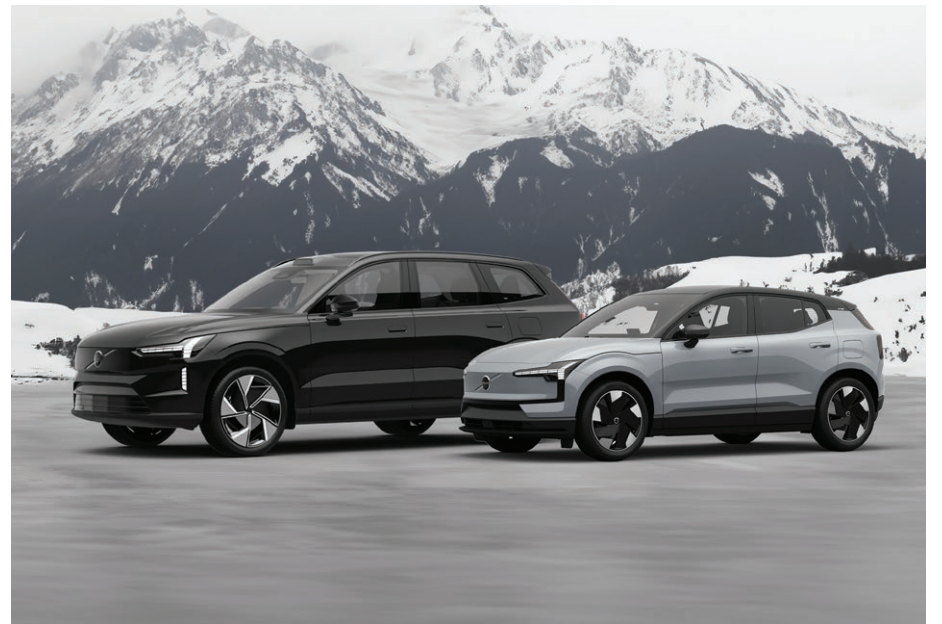
ALBI Volvo Sainte-Agathe prend le soin de rester compétitif en offrant des taux d'intérêt intéressants pour les véhicules neufs et certifiés notamment. Modèles présentés EX30 et EX90, 100% électrique.

Un service à la clientèle qui se veut soigné et professionnel, dès la première entrée dans la concession. « L'ensemble de l'équipe d'ALBI Volvo comprend l'importance de s'informer sur les nouveautés relatives aux véhicules écologiques qu'ils offrent.
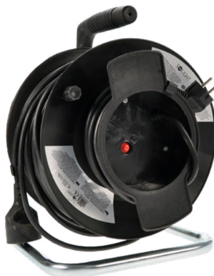
PB11 - PB12
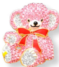
E2171702 ストーン ピンク 1,045 yen (本体価格 950 yen)
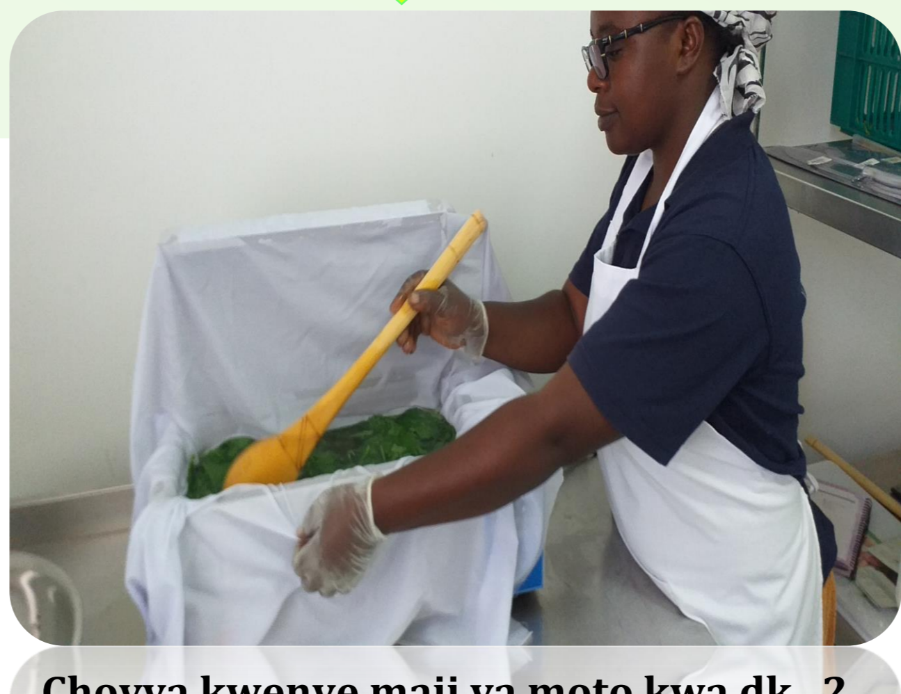
Chovya kwenye maji ya moto kwa dk. 2
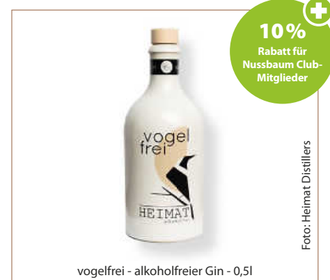
vogelfrei - alkoholfreier Gin - 0,5l

Der Name „Heimat Vogelfrei“ ist neben dem Heimatbezug vor allem ein historisch angelehntes Wortspiel. „Das Wort vogelfrei war früher bezogen auf Menschen, die frei vom Gesetz waren und somit frei von Konventionen oder Normen lebten. Genauso verhält es sich mit unserem Vogelfrei. Als alkoholfreie Spirituose entspricht er nicht unseren alt dahergebrachten Vorstellungen, sondern definiert diese neu, vogelfrei eben. Aber es ist auch ein Wortspiel, vogelfREI von Alkohol“, betont Richter. (haf)
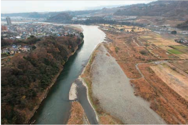
(a) 上流側から 1/6 (2010年12月21日)
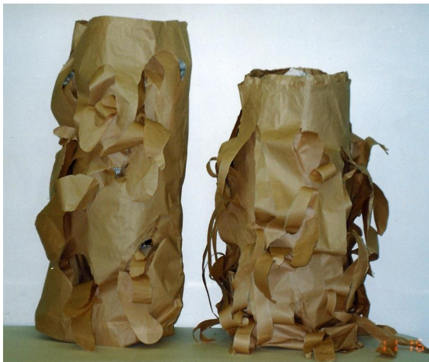
Papírové objekty (práce studentů oboru Učitelství pro 1. stupeň ZŠ)

Proměnit můžeme i další běžný předmět, a to papírový pytel. Nabízí se pohrát si s jeho povrchem, umožní nám to několik papírových vrstev, ze kterých je vytvořen. Plochy mohou být postupně odkrývány. Ponechejme na dětech, zda využijí stříhání, řezání či trhání. Vhodné je i skupinové řešení úkolu. Nejdříve pracujeme v ploše, až je plocha přetvořena, pytel můžeme vycpat a proměnit v jedinečný papírový objekt.
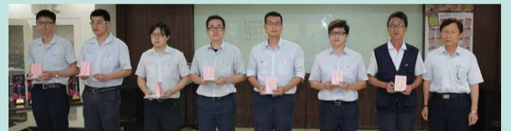
▲服務年資滿十年員工合影
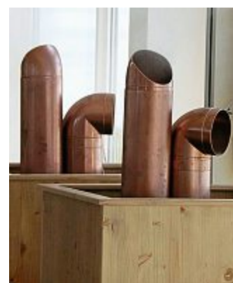
Aus Messingrohren strömt das Aerosolkonzentrat ein.
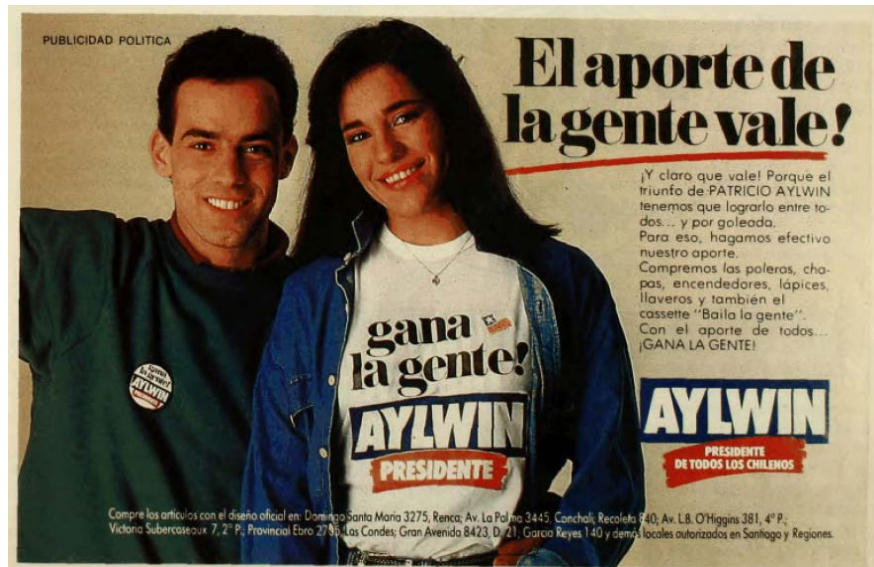
Aviso de página completa, “El aporte de la gente vale”, en Análisis , 2 al 6 de octubre de 1989.

y un 7,8% anularía o dejaría en blanco su voto. De esta forma, a esta masa electoral, desde los centros de estudio, se identificó mediante las categorías de “indecisos” o “blandos” 64 . El siguiente aviso de prensa, permite dar cuenta de lo señalado:
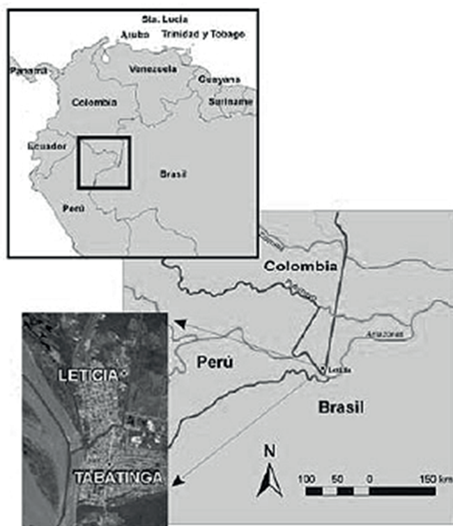
Mapa 2. La triple frontera del Medio Amazonas en Suramérica.

de las migraciones forzadas por los caucheros (Herrera Arango, 2014, p. 56). Estos grupos fueron atraídos a Leticia por la protección que las fuerzas militares colombianas –recién asentadas en dicha ciudad– podrían ofrecerles frente a la posibilidad de ser nuevamente explotados por caucheros peruanos (Echeverri, 1997; Herrera Arango, 2014) 3 . La segunda de estas migraciones se produjo en los años ochenta y noventa cuando grupos de la Gente de Centro huían de la acción de guerrillas, narcotraficantes, paramilitares, colonos e incluso del ejército en la cuenca del Caquetá-Putumayo (Franco, 2012).
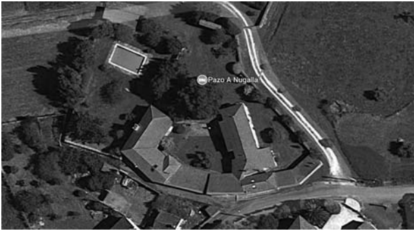
Vista aérea do Pazo de Nugalla.

e capela máis ou menos. E dado que esta cheminea está claramente levantada sobre unha edificación bastante máis antiga, que xa sufrira aditamentos como se ve claramente ao mirar as paredes, temos que dicir que esta casa foi levantada no século XVII ou antes.
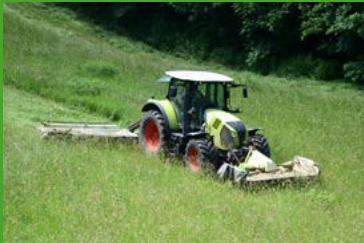
Schnell nachwachsender Rohstoff
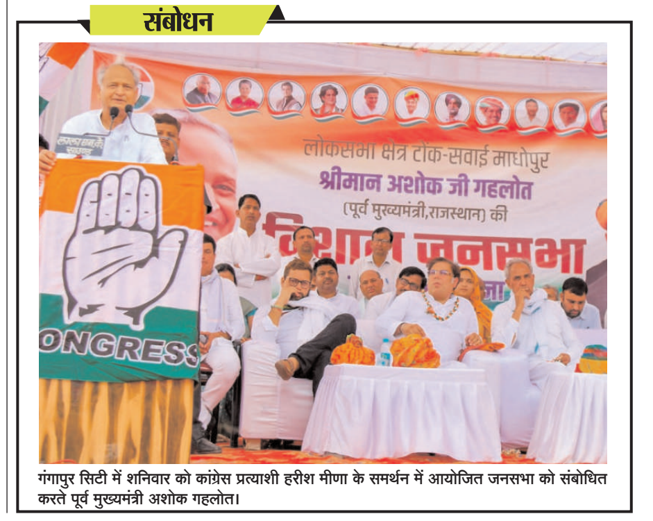
गंगापुर सिटी में शनिवार को कांग्रेस प्रत्याशी हरीश मीणा के समर्थन में आयोजित जनसभा को संबोधित करते पूर्व मुख्यमंत्री अशोक गहलोत।

किए जाएंगे। चिकित्सा एवं स्वास्थ्य विभाग की अतिरिक्त मुख्य सचिव शुभा सिंह ने शनिवार को लू एवं गर्मी जनित बीमारियों से बचाव, उपचार एवं जागरूकता गतिविधियों को लेकर राज्य स्तरीय मीडियो कॉन्फ्रेंस में इस संबंध में निर्देश दिए। आधिकारिक बयान के अनुसार इसमें शुभासिंह ने कहा कि गर्मी बढ़ने पर अगले दो से तीन माह चुनौतीपूर्ण हो सकते हैं, ऐसे में विभाग हर स्थिति से निपटने के लिए तैयार रहे। उन्होंने कहा कि गर्मी एवं लू का स्तर बढ़ने पर चेतावनी यलो, ऑरेंज एवं रेड अलर्ट के अनुसार श्रेणीबद्ध प्रणाली तैयार कर आवश्यक कदम उठाए जाएंगे। उन्होंने कहा कि आमजन को लू एवं गर्मी जनित बीमारियों की स्थिति में तत्काल उपचार एवं अन्य स्वास्थ्य सेवाएं उपलब्ध करवाने के लिए 'ट्रीटमेंट प्रोटोकॉल' तैयार किया जाए। एम्बुलेंस की क्रियाशीलता की जांच करने के साथ ही प्राथमिक उपचार के लिए किट तैयार करवाई जाएं। अस्पतालों में विशेष वार्ड बनाए जाएं। दवाओं एवं जांच किट्स की पर्याप्त उपलब्धता रहे। चिकित्सकों, पैरामेडिकल स्टाफ सहित निचले स्तर तक आवश्यक प्रशिक्षण दिया जाए। अधिकारी ने कहा कि लू एवं तेज गर्मी की स्थिति में आमजन को बीमारियों से बचाने के लिए श्रम विभाग, कृषि विभाग, ग्रामीण विकास एवं पंचायती राज, स्थानीय निकाय विभाग, शिक्षा विभाग सहित विभिन्न विभागों के साथ समन्वय रखते हुए कार्य योजना बनाई जाए।
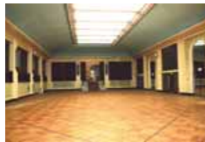
Le grand Salon Mauduit accueillera à nouveau fêtes et événements.

Reconstruit à l'identique dans le prolongement du pôle associatif, le grand Salon Mauduit retrouvera sa vocation de lieu de fête et d'événement. D'une capacité d'accueil de 300 à 400 personnes, il permettra la tenue de conférences, l'organisation d'événements associatifs et institutionnels, de fêtes de quartier et de fêtes familiales. Il sera équipé d'une scène, de loges et d'un espace traiteur. Sa conception acoustique permettra de respecter la tranquillité du voisinage.
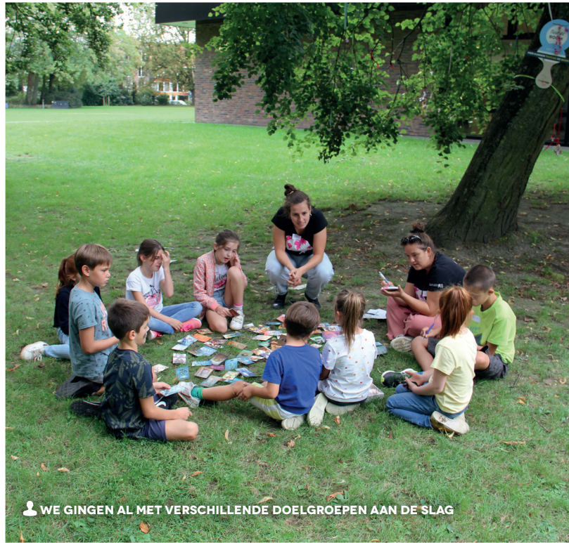
WE GINGEN AL MET VERSCHILLENDE DOELGROEPEN AAN DE SLAG

Zelf ontharden? Tegels en asfalt eruit, groen erin. We kiezen vaak voor tegels en asfalt omdat die onderhoudsvriendelijk lijken. Maar ongebruikte opritten of terrassen vergen toch een pak onderhoud: er kruipt veel tijd in vegen, vlekken verwijderen, onkruid verdelgen, ... Onderhoudsarme grasbetontegels of dergelijke besparen je meer tijd en zijn beter voor het klimaat.

********

### What is needed
What lines in the material above contain the word "grand"? Copy them out.

### Result of the exercise
Le grand Salon Mauduit accueillera à nouveau fêtes et événements.
Reconstruit à l'identique dans le prolongement du pôle associatif, le grand Salon Mauduit retrouvera sa vocation de lieu de fête et d'événement. D'une capacité d'accueil de 300 à 400 personnes, il permettra la tenue de conférences, l'organisation d'événements associatifs et institutionnels, de fêtes de quartier et de fêtes familiales. Il sera équipé d'une scène, de loges et d'un espace traiteur. Sa conception acoustique permettra de respecter la tranquillité du voisinage.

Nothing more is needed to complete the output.